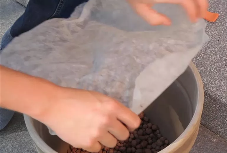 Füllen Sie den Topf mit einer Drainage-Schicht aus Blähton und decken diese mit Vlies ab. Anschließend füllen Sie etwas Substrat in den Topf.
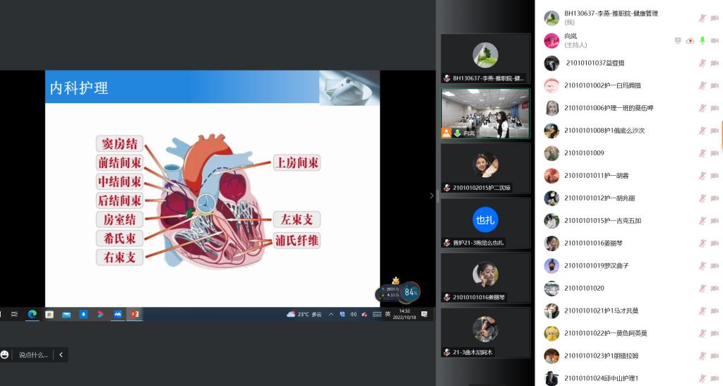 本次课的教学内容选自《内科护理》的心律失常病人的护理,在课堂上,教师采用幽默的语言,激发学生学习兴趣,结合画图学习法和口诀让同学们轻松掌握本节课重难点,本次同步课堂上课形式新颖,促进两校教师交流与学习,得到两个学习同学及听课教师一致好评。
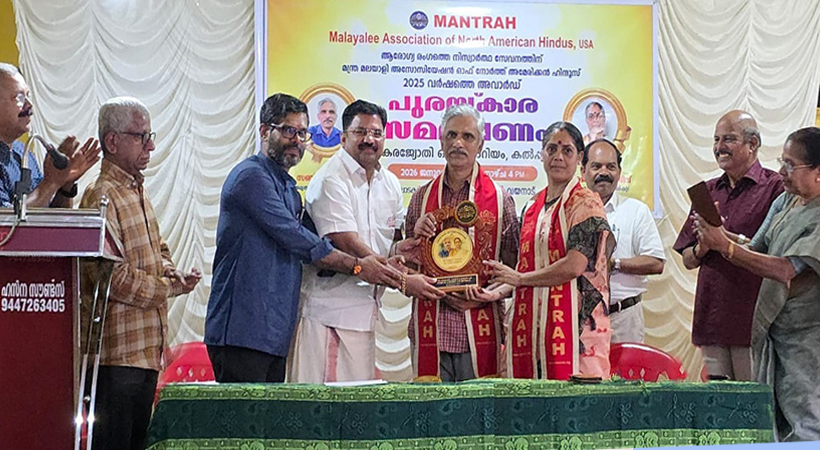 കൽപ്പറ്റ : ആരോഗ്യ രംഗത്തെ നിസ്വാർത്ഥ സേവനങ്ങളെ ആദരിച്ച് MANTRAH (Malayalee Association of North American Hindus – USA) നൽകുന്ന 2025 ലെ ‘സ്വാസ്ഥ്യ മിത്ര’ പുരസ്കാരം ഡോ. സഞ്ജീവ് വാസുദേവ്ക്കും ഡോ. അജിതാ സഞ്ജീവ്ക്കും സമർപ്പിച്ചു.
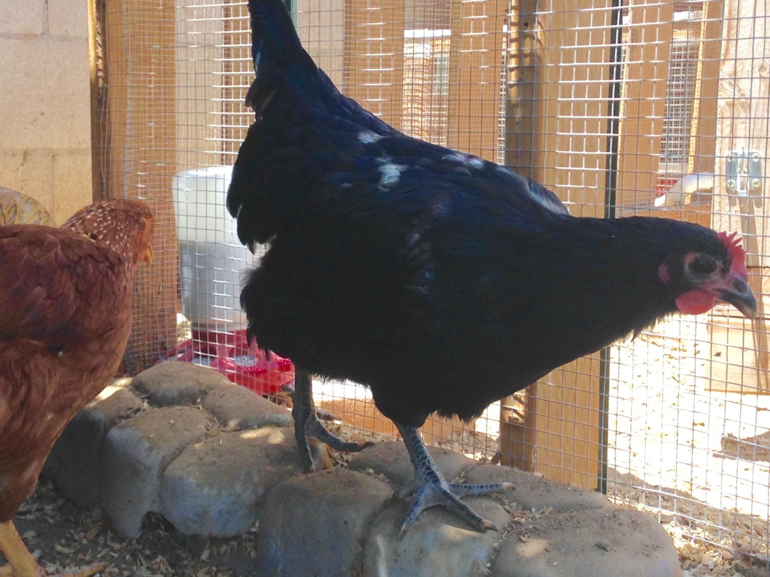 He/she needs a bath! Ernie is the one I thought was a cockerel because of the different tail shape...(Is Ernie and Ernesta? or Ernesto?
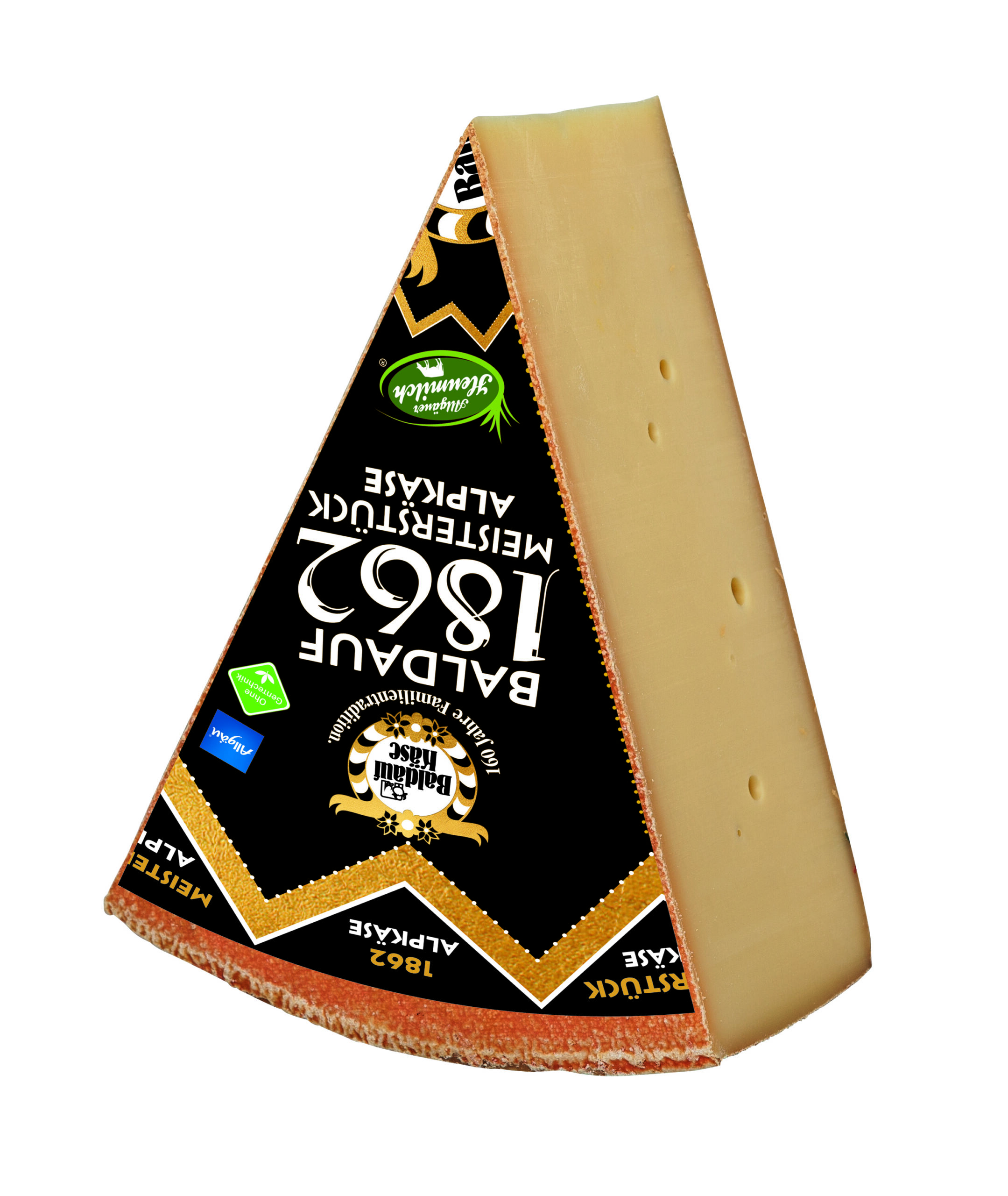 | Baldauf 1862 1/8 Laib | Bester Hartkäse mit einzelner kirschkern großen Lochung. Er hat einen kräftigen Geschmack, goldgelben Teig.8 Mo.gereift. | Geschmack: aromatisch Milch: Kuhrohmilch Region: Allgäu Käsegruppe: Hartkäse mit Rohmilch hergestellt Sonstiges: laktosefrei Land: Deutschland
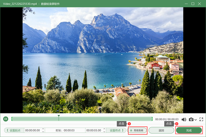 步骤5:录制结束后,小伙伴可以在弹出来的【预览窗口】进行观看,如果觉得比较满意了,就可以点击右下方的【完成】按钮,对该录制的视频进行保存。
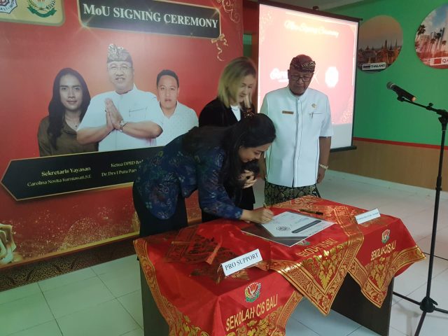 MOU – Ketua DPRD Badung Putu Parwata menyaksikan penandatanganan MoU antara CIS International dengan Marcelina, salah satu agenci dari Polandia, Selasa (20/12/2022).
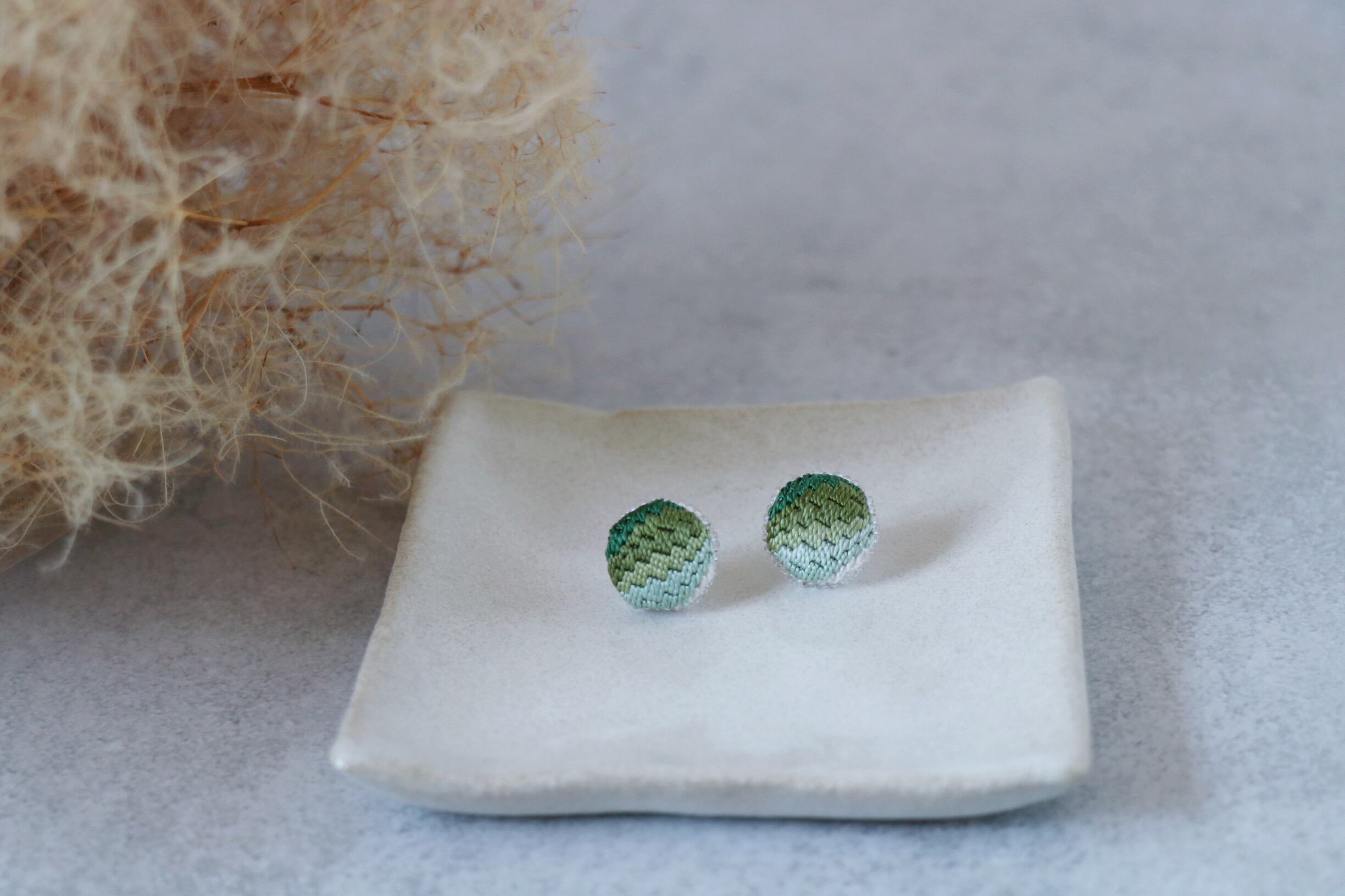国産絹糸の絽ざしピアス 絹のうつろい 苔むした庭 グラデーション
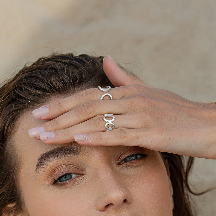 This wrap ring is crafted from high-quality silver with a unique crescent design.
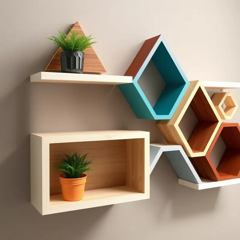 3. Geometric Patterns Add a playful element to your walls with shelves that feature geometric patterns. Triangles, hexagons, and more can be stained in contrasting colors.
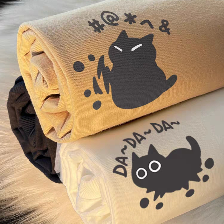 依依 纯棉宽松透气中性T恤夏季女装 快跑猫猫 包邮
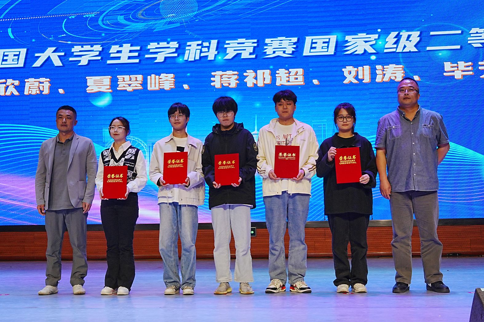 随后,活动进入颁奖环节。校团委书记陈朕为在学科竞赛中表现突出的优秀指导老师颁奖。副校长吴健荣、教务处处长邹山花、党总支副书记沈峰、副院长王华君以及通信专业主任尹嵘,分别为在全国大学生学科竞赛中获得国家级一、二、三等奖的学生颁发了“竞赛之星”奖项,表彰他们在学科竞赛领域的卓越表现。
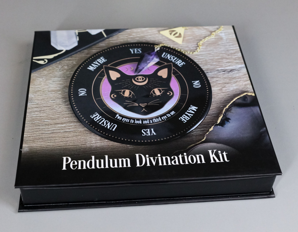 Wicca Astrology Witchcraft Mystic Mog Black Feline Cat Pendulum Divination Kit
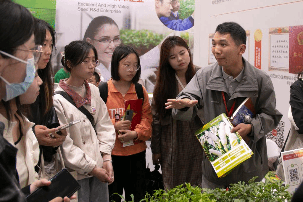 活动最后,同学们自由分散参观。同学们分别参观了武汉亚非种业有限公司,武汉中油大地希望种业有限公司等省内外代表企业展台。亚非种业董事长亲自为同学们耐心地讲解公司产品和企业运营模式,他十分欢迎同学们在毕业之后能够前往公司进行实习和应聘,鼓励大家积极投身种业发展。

----------------------------------------

* [To do]: Please transcribe the listing above verbatim and exclude every picture.

* [Finished task]:
 Füllen Sie den Topf mit einer Drainage-Schicht aus Blähton und decken diese mit Vlies ab. Anschließend füllen Sie etwas Substrat in den Topf.
 本次课的教学内容选自《内科护理》的心律失常病人的护理,在课堂上,教师采用幽默的语言,激发学生学习兴趣,结合画图学习法和口诀让同学们轻松掌握本节课重难点,本次同步课堂上课形式新颖,促进两校教师交流与学习,得到两个学习同学及听课教师一致好评。
 കൽപ്പറ്റ : ആരോഗ്യ രംഗത്തെ നിസ്വാർത്ഥ സേവനങ്ങളെ ആദരിച്ച് MANTRAH (Malayalee Association of North American Hindus – USA) നൽകുന്ന 2025 ലെ ‘സ്വാസ്ഥ്യ മിത്ര’ പുരസ്കാരം ഡോ. സഞ്ജീവ് വാസുദേവ്ക്കും ഡോ. അജിതാ സഞ്ജീവ്ക്കും സമർപ്പിച്ചു.
 He/she needs a bath! Ernie is the one I thought was a cockerel because of the different tail shape...(Is Ernie and Ernesta? or Ernesto?
 | Baldauf 1862 1/8 Laib | Bester Hartkäse mit einzelner kirschkern großen Lochung. Er hat einen kräftigen Geschmack, goldgelben Teig.8 Mo.gereift. | Geschmack: aromatisch Milch: Kuhrohmilch Region: Allgäu Käsegruppe: Hartkäse mit Rohmilch hergestellt Sonstiges: laktosefrei Land: Deutschland
 步骤5:录制结束后,小伙伴可以在弹出来的【预览窗口】进行观看,如果觉得比较满意了,就可以点击右下方的【完成】按钮,对该录制的视频进行保存。
 MOU – Ketua DPRD Badung Putu Parwata menyaksikan penandatanganan MoU antara CIS International dengan Marcelina, salah satu agenci dari Polandia, Selasa (20/12/2022).
国産絹糸の絽ざしピアス 絹のうつろい 苔むした庭 グラデーション
 This wrap ring is crafted from high-quality silver with a unique crescent design.
 3. Geometric Patterns Add a playful element to your walls with shelves that feature geometric patterns. Triangles, hexagons, and more can be stained in contrasting colors.
 依依 纯棉宽松透气中性T恤夏季女装 快跑猫猫 包邮
 随后,活动进入颁奖环节。校团委书记陈朕为在学科竞赛中表现突出的优秀指导老师颁奖。副校长吴健荣、教务处处长邹山花、党总支副书记沈峰、副院长王华君以及通信专业主任尹嵘,分别为在全国大学生学科竞赛中获得国家级一、二、三等奖的学生颁发了“竞赛之星”奖项,表彰他们在学科竞赛领域的卓越表现。
 Wicca Astrology Witchcraft Mystic Mog Black Feline Cat Pendulum Divination Kit
 活动最后,同学们自由分散参观。同学们分别参观了武汉亚非种业有限公司,武汉中油大地希望种业有限公司等省内外代表企业展台。亚非种业董事长亲自为同学们耐心地讲解公司产品和企业运营模式,他十分欢迎同学们在毕业之后能够前往公司进行实习和应聘,鼓励大家积极投身种业发展。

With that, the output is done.